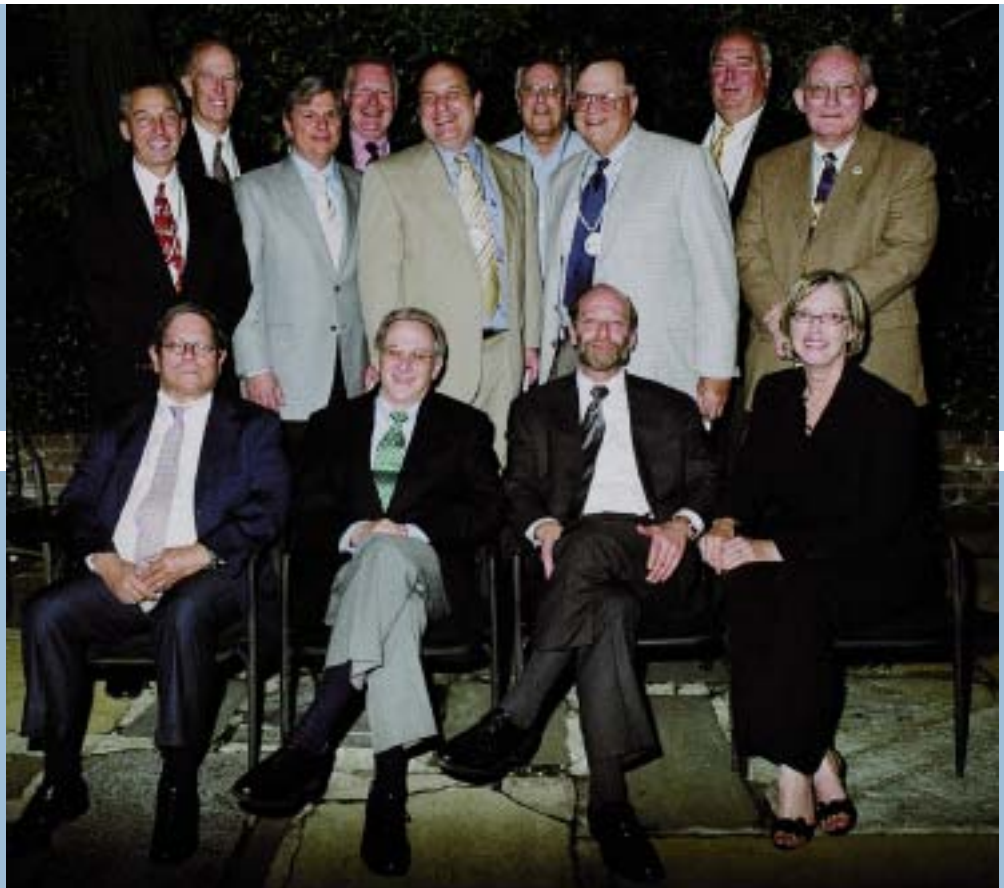
Class of 1971 Reunion
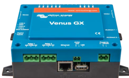
Venus GX front angle
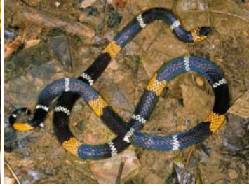
53 Micrurus hemprichii ortonii ELAPIDAE
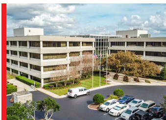
Maitland Lakes 851 Trafalgar Ct Maitland, FL
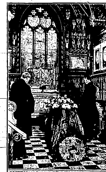
Queen Alexandra, who was slain in the pasting of the Dowager Queen of England. Her body is shown lying in state in the chapel at Sandringham.
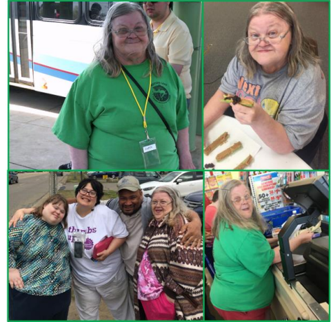
A Ship in Harbor Is Safe, But that Is Not What Ships Are Built For
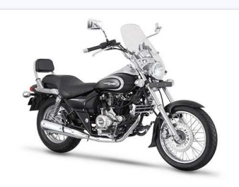
Bajaj Avenger 220cc

55,000 Km, Petrol, First Owner, Delhi, 2012
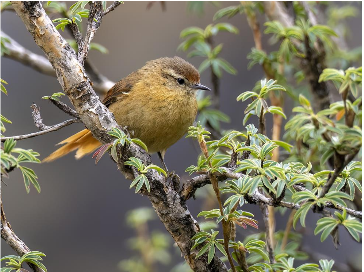
The Polylepis forest at about 14000ft of elevation provided some special birds like this Tawny Tit-Spintail (above)
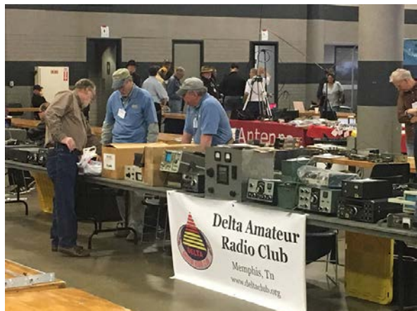
Showing off our DARC banner!
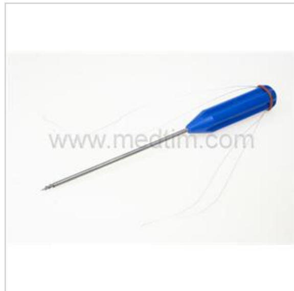
Polyester Anchor Screw
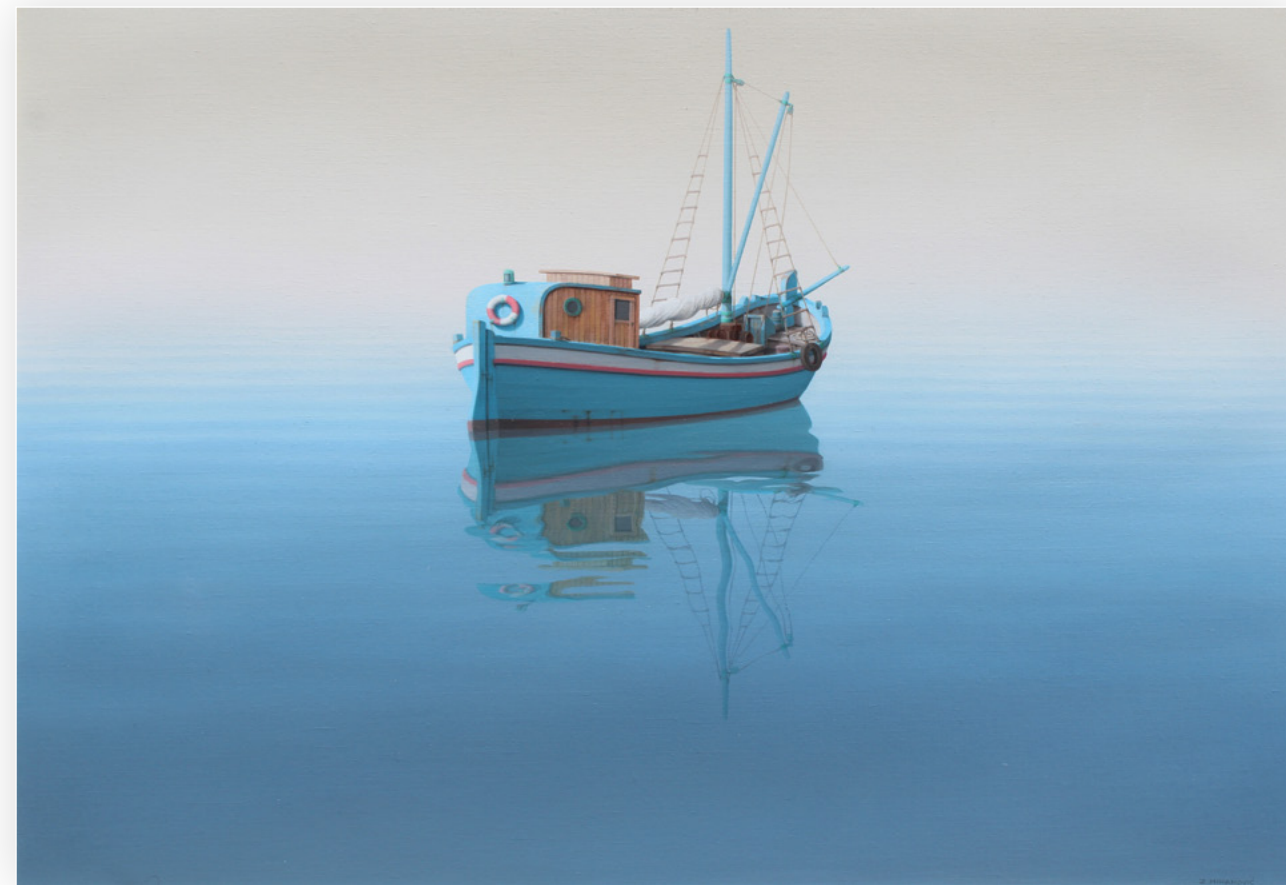
Old Wine Carrier | oil on canvas | 22 1/2 x 31 1/2 in. | FG© 139698
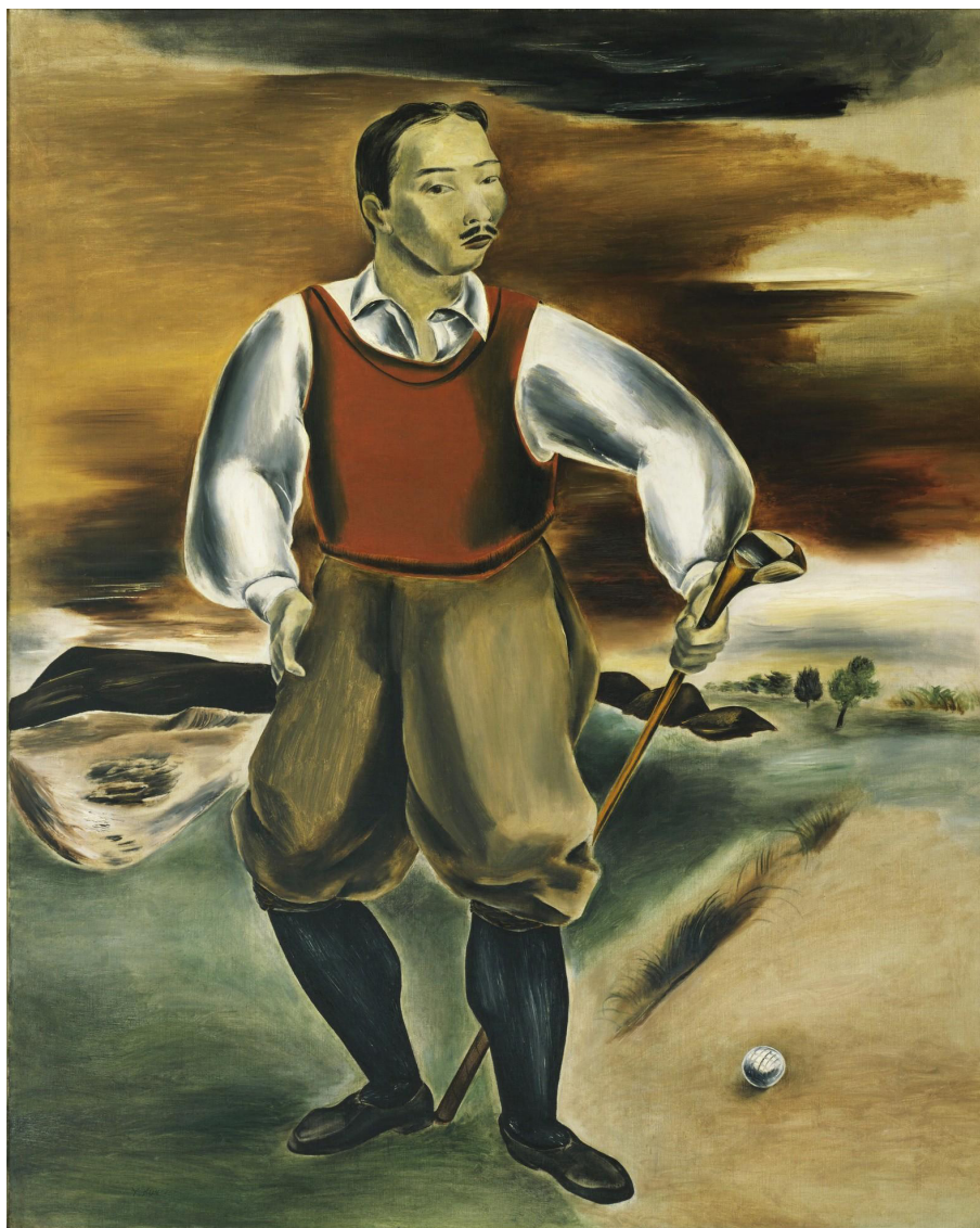
Figure 1. Yasuo Kuniyoshi, Self Portrait as a Golf Player (1927). Oil on canvas.

Blending Japanese idioms with American folk art, further influenced by European modernism, Kuniyoshi's oeuvre "exemplifies cultural hybridity and cross-fertilization." 15 His early still lifes, composite images of objects like signs in language, act as intimate portraits of personal history through iconographic references. Collecting American folk art was a way for Kuniyoshi to forge a relationship to American "roots." 16 Reciprocally, his early oeuvre seems to portray a "parallel bond to his native land through its folk art and folklore" through Japanese folk objects featured in his still lifes. 17 Furthermore, the context of growing interest in America for folk culture in the 1920s was related to a rise in racial nativism and increased xenophobia and intolerance. Kuniyoshi's art style, as it straddled modernism and regionalism, permitted him to become popular as an American artist, a glass ceiling otherwise very unlikely to be broken by a Japanese émigré.
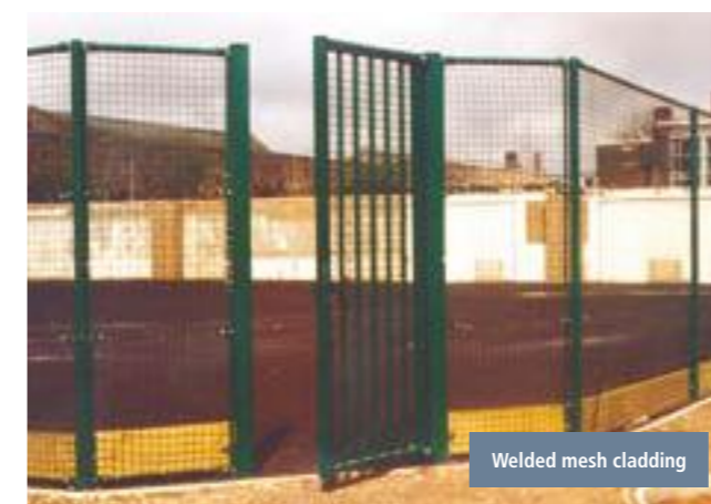
Welded mesh cladding
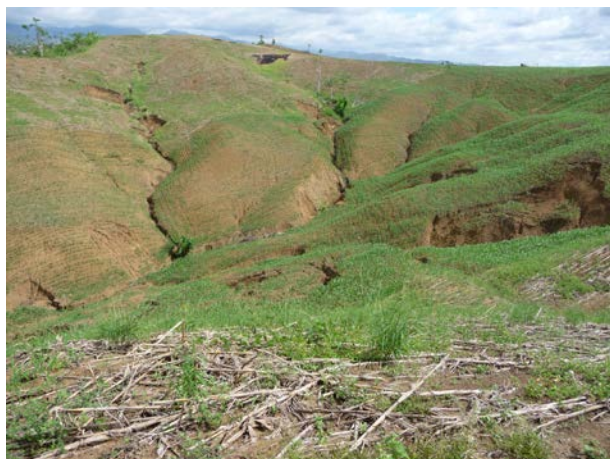
Photo 1. Gully erosion appears at the study site near Ilagan City, Isabela Province, Philippines (taken on November 23, 2010)
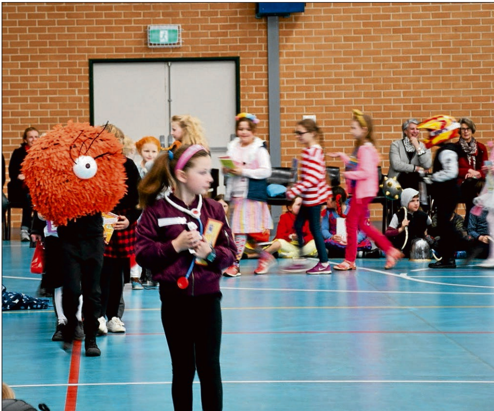
READING: Oxley students participated in a parade for Book Week.
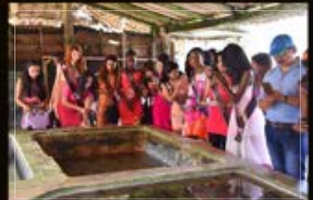
TURTLE CONSERVATION, SRI-LANKA
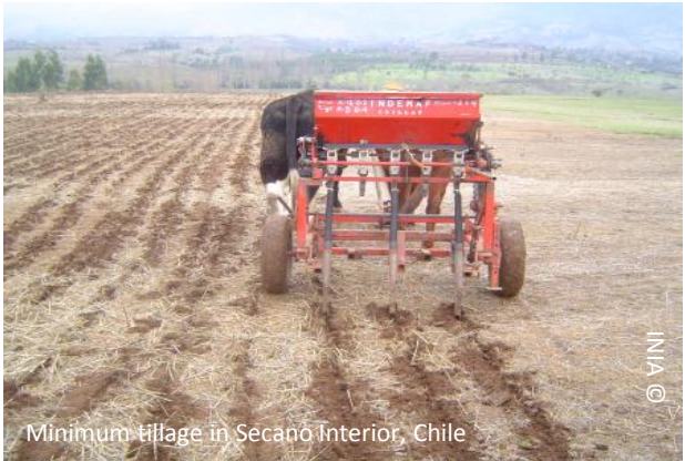
Minimum tillage in Secano Interior, Chile

In the Goís region of Portugal controlled fires are used to control the bulk and extent of forest or scrubland biomass fuel, with the aim of enhancing grazing areas and limiting the spread of the inevitable wildfires. Prescribed fire helps to maintain habitat diversity and to reduce invasion by alien species. In contrast to wildfires, prescribed fire is expected to reduce soil erosion and to improve physical and chemical soil properties.
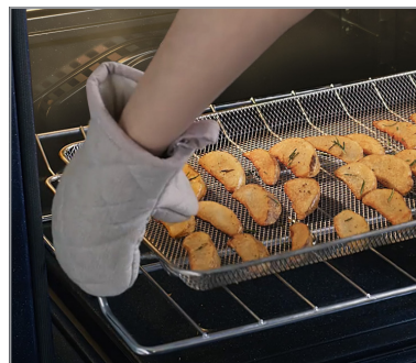
Air Fry 1
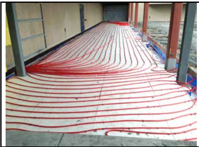
Radiant heat tubing on rigid insulation for HS walkway
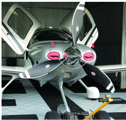
Cirrus SR22 Engine Inlet Plugs
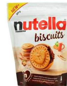
NUTELLA BISCUITS 304G 10/640
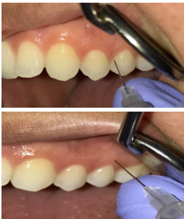
Figure 2: Intraoral sites of infiltration- interpapillary 24/25 and attached gingiva.

In the second follow-up 4 months later, the patient reported a 50% improvement after the applications of botulinum toxin together with 50 mg of Topiramate daily. It was decided to re-apply the botulinum toxin, but the dose was increased to 150 units in 6 different intraoral sites (interdental papillae from canine to first molar by vestibular and attached gingiva of 24/25 teeth.) One month after the application, the patient reported an 90% improvement, feeling satisfied with the results.
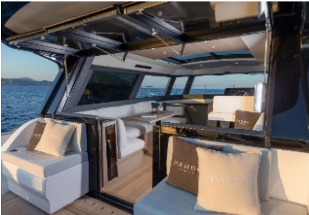
Pardo Yachts GT52 For Sale
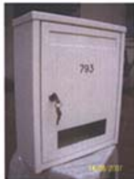
INDIVIDUAL UNIT TYPE: WP 350W x 400H x 110D
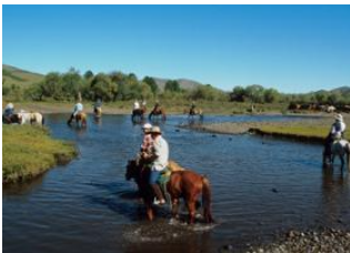
Burgat 📍 33km - ⌚ 5h 30m Khanui River 📍
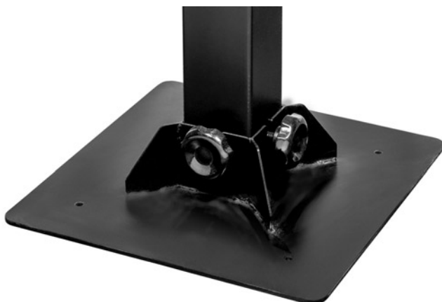
Figure 3 - Secure column to base.
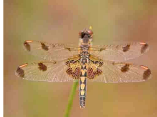
Calico Pennant Celithemis elisa

The DNR Nongame Program, annually, produces a poster to promote the Nongame Tax Checkoff and to educate the public about some Nongame critter of interest in Minnesota. This year they plan to do a dragonfly poster which will also help promote the MOSP!
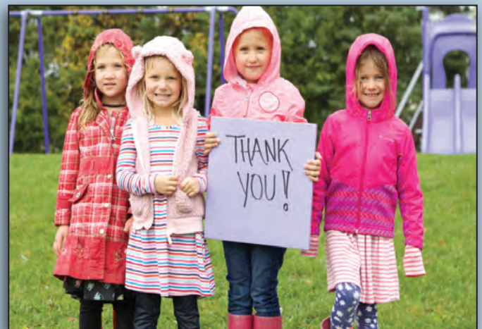
Thank you for your continued support, prayers and encouragement for WCS

+-------+

[ACTION ITEM]: All lines from the first in the listing above to the line containing "Old Wine Carrier", inclusive, go in the output exactly as they are; no pictures go in.

[TASK ANSWER]:
Class of 1971 Reunion
Venus GX front angle
53 Micrurus hemprichii ortonii ELAPIDAE
Maitland Lakes 851 Trafalgar Ct Maitland, FL
Queen Alexandra, who was slain in the pasting of the Dowager Queen of England. Her body is shown lying in state in the chapel at Sandringham.
A Ship in Harbor Is Safe, But that Is Not What Ships Are Built For
Bajaj Avenger 220cc

55,000 Km, Petrol, First Owner, Delhi, 2012
The Polylepis forest at about 14000ft of elevation provided some special birds like this Tawny Tit-Spintail (above)
Showing off our DARC banner!
Polyester Anchor Screw
Old Wine Carrier | oil on canvas | 22 1/2 x 31 1/2 in. | FG© 139698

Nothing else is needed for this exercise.